Sent from my SM-N960U using Tapatalk


----------



## b4pjoe (Nov 20, 2010)

It is a problem with the latest firmware. Everyone with that firmware is getting a reading of zero. But it is working fine (for me at least).


----------



## dtv757 (Jun 4, 2006)

b4pjoe said:


> It is a problem with the latest firmware. Everyone with that firmware is getting a reading of zero. But it is working fine (for me at least).


Cool thanks .

Sent from my SM-N960U using Tapatalk


----------



## compnurd (Apr 23, 2007)

dtv757 said:


> Cool thanks .
> 
> Sent from my SM-N960U using Tapatalk


It's is broke. It will still be broke in the firmware you are getting this week and will be removed in the next firmware after that before being re done and put back in


----------



## dtv757 (Jun 4, 2006)

compnurd said:


> It's is broke. It will still be broke in the firmware you are getting this week and will be removed in the next firmware after that before being re done and put back in


Lol

Sent from my SM-N960U using Tapatalk


----------



## SledgeHammer (Dec 28, 2007)

compnurd said:


> It's is broke. It will still be broke in the firmware you are getting this week and will be removed in the next firmware after that before being re done and put back in


I don't think I've ever seen a working/accurate speed test on anything other then a PC, laptop or mobile phone. The one on my router has been broken for decades (I don't have the same router for decades, I just mean Linksys has never had a working one and I've always had Linksyses (although I think this will be my last) or would it be Linksi? ). The apps on my LG TV that have a speed test show super low speeds too (like ~20Mbps when it should be around ~400Mbps via wireless bridge verified with my laptop). For the 5 seconds I had TVision, that box reported low speeds too.

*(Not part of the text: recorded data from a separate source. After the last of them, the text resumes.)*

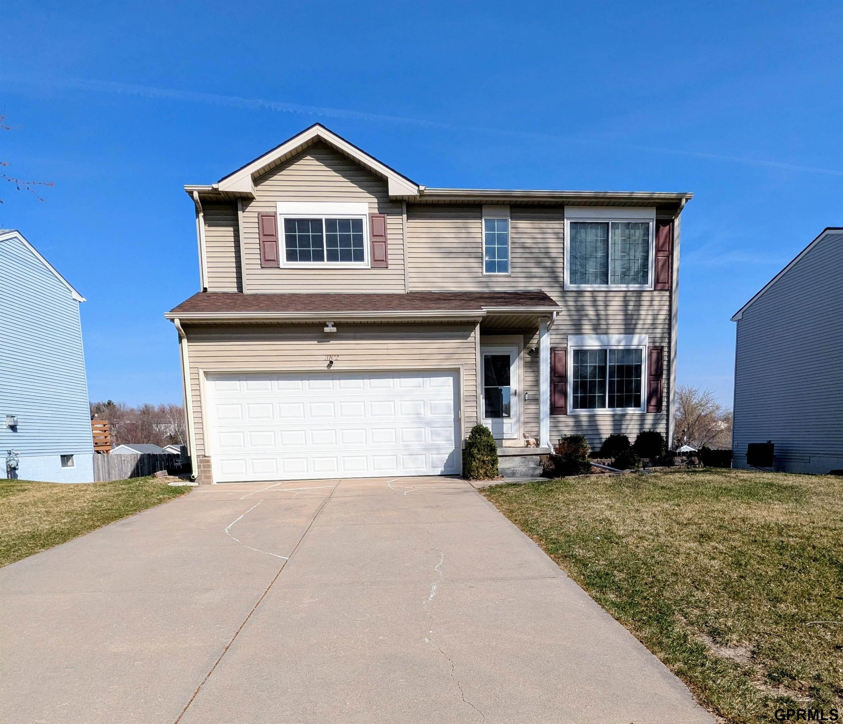Showings start 3/21/26. This well-maintained two-story home is located in an established Bellevue neighborhood with easy access to Highway 75 and Offutt AFB. The main floor features a bright living room with a cozy fireplace, a dining area that opens to a deck, and a nicely appointed kitchen with a large pantry and a powder room. The oversized laundry closet includes stacked full-size units and organized storage. The second floor houses all four bedrooms, including a master suite with a walk-in closet and an updated spa-like shower. One bedroom features a built-in bunk bed, and all guest rooms include closet organizers. A full bathroom and linen closet complete this level. The walk-out basement provides additional living and entertaining space with new LVP flooring, leading to a patio, fire pit, and tiered backyard. All measurements m/l. Schedule your appointment today!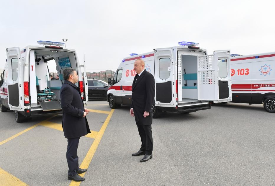 Martın 16-da Azərbaycan Respublikasının Prezidenti İlham Əliyev İcbari Tibbi Sığorta üzrə Dövlət Agentliyi tərəfindən alınmış müasir təcili tibbi yardım avtomobilləri ilə tanış olub.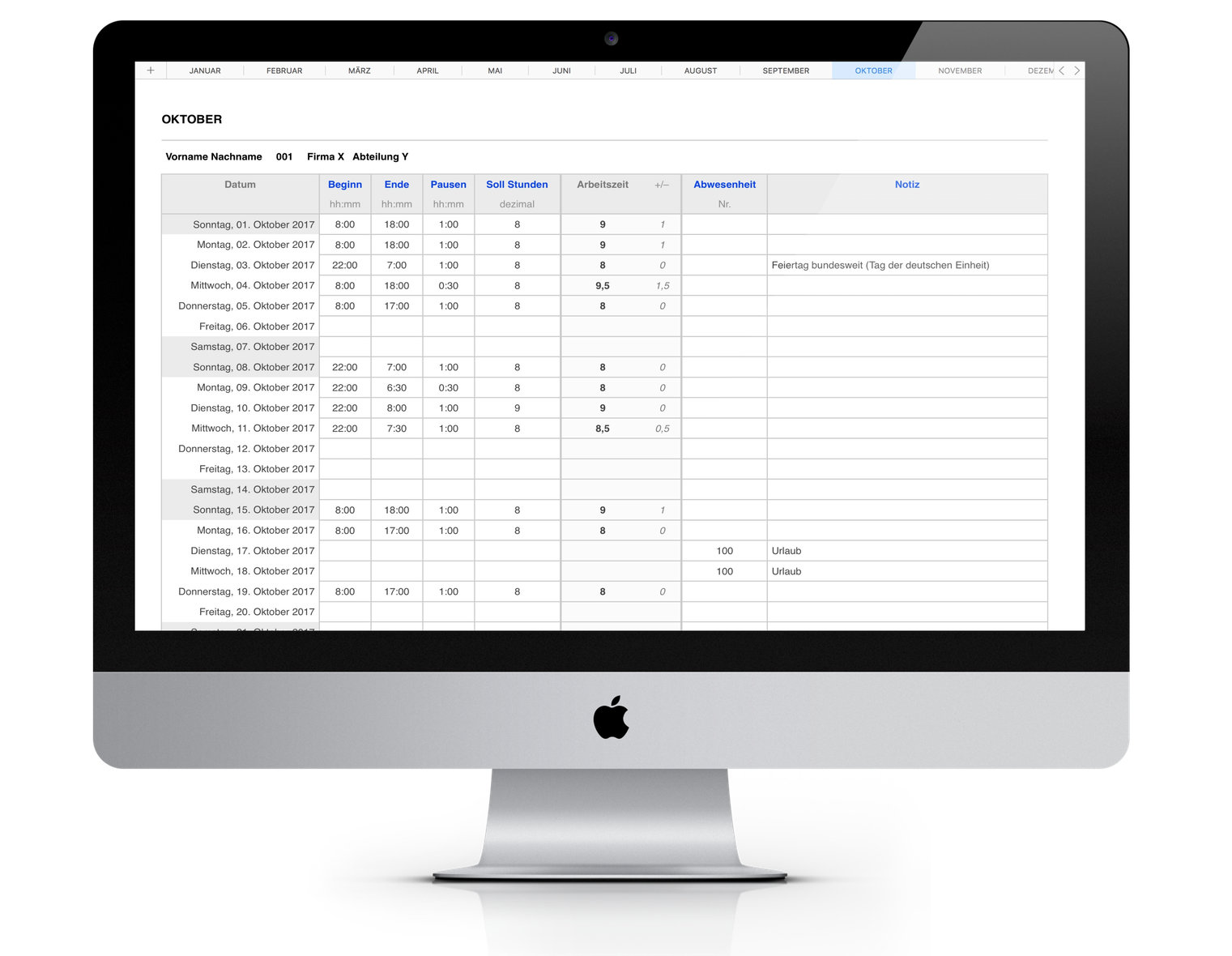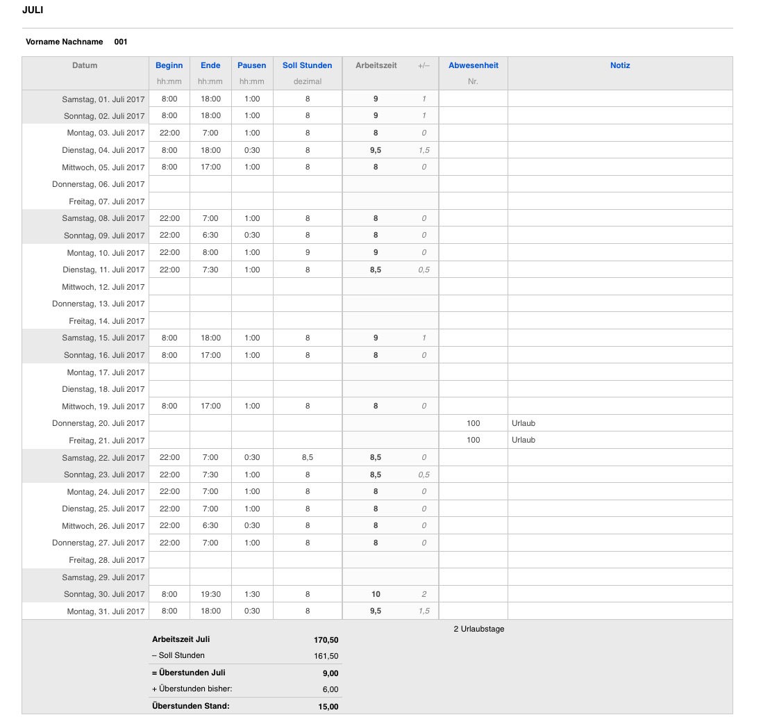 Pro Tag ist eine Zeile vorgegeben. Jeder Monat ist auf einem eigenen Blatt mit übersichtlichen Summen der Arbeitszeit, Überstunden und genommenen Urlaubstagen.

Accurate speed tests must required some quadruple Phd in particle physics with a minor in biochemistry and quantum mechanics or something to get right since none of these offshore guys seem to be able to implement an accurate one.


----------



## compnurd (Apr 23, 2007)

dtv757 said:


> Lol
> 
> Sent from my SM-N960U using Tapatalk


Lol. That was the literal explanation they gave


----------



## dtv757 (Jun 4, 2006)

The one on my orbi just started working again recently . It didn't work for like half a year lol.



Sent from my SM-N960U using Tapatalk


----------



## b4pjoe (Nov 20, 2010)

SledgeHammer said:


> I don't think I've ever seen a working/accurate speed test on anything other then a PC, laptop or mobile phone. The one on my router has been broken for decades (I don't have the same router for decades, I just mean Linksys has never had a working one and I've always had Linksyses (although I think this will be my last) or would it be Linksi? ). The apps on my LG TV that have a speed test show super low speeds too (like ~20Mbps when it should be around ~400Mbps via wireless bridge verified with my laptop). For the 5 seconds I had TVision, that box reported low speeds too.
> 
> *Accurate speed tests must required some quadruple Phd in particle physics with a minor in biochemistry and quantum mechanics or something to get right since none of these offshore guys seem to be able to implement an accurate one.*


And the same for progress bars that go from 0% to 99% in .4 seconds and 99% to 100% takes 6 hours.


----------



## SledgeHammer (Dec 28, 2007)

b4pjoe said:


> And the same for progress bars that go from 0% to 99% in .4 seconds and 99% to 100% takes 6 hours.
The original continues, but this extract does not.